Huskar Pit was a coal mine on the South Yorkshire Coalfield, sunk to work the Silkstone seam. It was located in Nabs Wood, outside the village of Silkstone Common, in the then West Riding of Yorkshire. It was connected to the Barnsley Canal by the Silkstone Waggonway. Huskar was the scene of a notorious pit disaster on 4 July 1838.

==Huskar pit disaster==
In 1838 Huskar was connected to Moorend Colliery, and used for ventilation. It had a vertical shaft to the surface and a drift shaft (known as a "dayhole") leading to Nabs Wood.

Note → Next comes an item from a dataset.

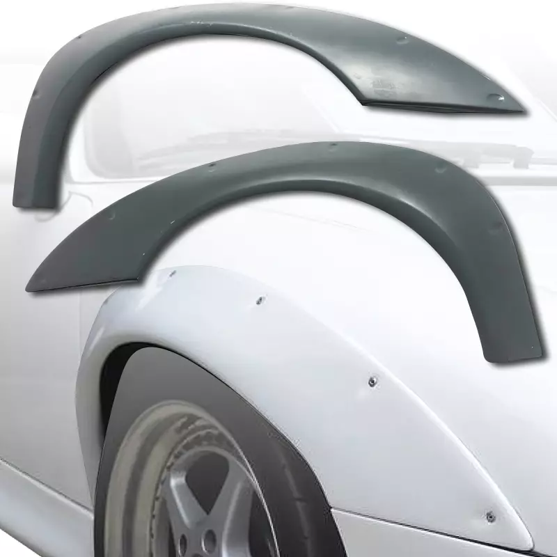This is a GT2 Wide Body Fenders (front) manufactured or distributed by ModeloDrive with FRP being the primary exterior surface material. ModeloDrive FRP (fiberglass) parts are high quality aero parts now available to the US market. ModeloDrive FRP aerodynamics have set a new standard for the fiberglass market. You may need to dry fit the parts and drill holes before prepping and finishing. Fiberglass may have cracks or surface imperfections that need filling and/or leveling. A professional body shop should fix any issues in the prep stage of installation and install the parts. You will need bolts, screws, and double sided tape, which are not included. All ModeloDrive fiberglass parts require modification, shaving, sanding, drilling, filling, cutting to ensure proper fitment but usually less than the competition.

On 4 July 1838 heavy rainfall struck the area, disabling the winding engine on the vertical shaft. The workers stranded at the pit bottom were instructed to remain there until they were able to be brought up to the surface, but a number of children decided to try and escape via the dayhole to Nabs Wood. A nearby stream had burst its banks in the rain and a torrent of water entered the shaft, drowning 26 children aged 7 to 17. Some were able to escape via a passage that led to Moorend and alert colliers on the surface.

==Legacy==
The children's bodies were brought up from the pit and buried together in the churchyard of All Saints' Church, Silkstone. A memorial was erected bearing the names and ages of those who died, which today is the logo of the village's primary school. Nationwide, the disaster shocked public opinion, and the resulting inquiry led to the 1842 Mines Act which sought to introduce some protection for child miners and meant that all girls and boys under the age of ten were prohibited from working underground.

In 1988, the community of Silkstone Parish built another memorial in Nabs Wood, depicting two children at work underground. In 2008, to mark the disaster's 170th anniversary, the event and subsequent inquest were turned into a play by Sylvia le Breton and performed by the local Grass Roots theatre group in Silkstone church. In 2010, a commemorative stained glass window crafted by local residents was installed in one of its chapels.

A book by Alan Gallop about the event's history, "Children of the Dark: Life and Death Underground in Victorian England" was published in 2003 and Peter Bond wrote and performed a song, "Act of God" about the tragedy; the song is included on the 1979 album "See Me Up, See Me Down" from Highway Records.

The Kate Rusby song "Halt the Wagons", from her 2019 album Philosophers, Poets & Kings, references the tragedy from the point of view of a grieving mother.